**Task**
Your response should be a copy of each line in the listing below that includes the word "ring".

**Data supplied**

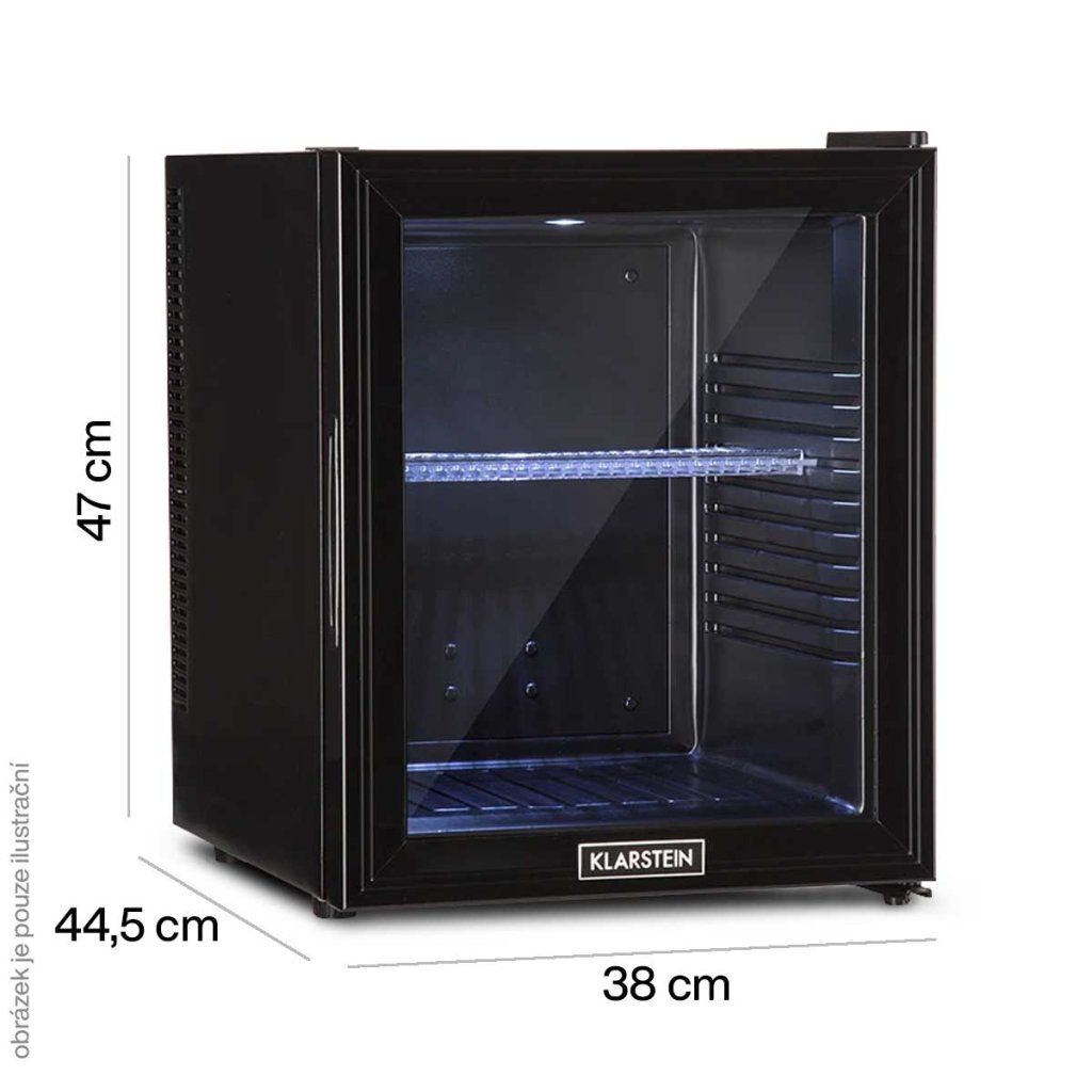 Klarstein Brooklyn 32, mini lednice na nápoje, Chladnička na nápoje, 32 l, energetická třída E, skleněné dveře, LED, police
* * *
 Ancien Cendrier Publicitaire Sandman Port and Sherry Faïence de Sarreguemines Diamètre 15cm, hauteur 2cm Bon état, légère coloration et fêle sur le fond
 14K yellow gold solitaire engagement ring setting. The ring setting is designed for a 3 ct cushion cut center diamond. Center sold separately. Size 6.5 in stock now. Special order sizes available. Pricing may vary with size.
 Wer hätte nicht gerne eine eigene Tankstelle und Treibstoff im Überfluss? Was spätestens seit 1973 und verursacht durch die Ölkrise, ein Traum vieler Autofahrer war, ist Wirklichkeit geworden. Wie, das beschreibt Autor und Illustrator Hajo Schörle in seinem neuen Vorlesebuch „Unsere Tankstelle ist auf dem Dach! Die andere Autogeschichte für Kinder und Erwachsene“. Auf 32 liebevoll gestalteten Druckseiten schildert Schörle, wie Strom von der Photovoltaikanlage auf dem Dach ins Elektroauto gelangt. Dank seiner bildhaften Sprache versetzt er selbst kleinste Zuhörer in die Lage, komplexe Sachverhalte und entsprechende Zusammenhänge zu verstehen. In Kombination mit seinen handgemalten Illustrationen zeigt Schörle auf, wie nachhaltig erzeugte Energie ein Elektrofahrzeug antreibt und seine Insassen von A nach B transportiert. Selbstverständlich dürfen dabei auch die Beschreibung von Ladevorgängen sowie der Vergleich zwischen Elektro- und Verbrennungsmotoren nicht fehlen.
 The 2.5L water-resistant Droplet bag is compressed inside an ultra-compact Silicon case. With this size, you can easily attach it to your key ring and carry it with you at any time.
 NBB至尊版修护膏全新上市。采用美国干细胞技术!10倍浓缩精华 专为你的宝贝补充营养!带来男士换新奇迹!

**Answer to this problem**
 14K yellow gold solitaire engagement ring setting. The ring setting is designed for a 3 ct cushion cut center diamond. Center sold separately. Size 6.5 in stock now. Special order sizes available. Pricing may vary with size.
 The 2.5L water-resistant Droplet bag is compressed inside an ultra-compact Silicon case. With this size, you can easily attach it to your key ring and carry it with you at any time.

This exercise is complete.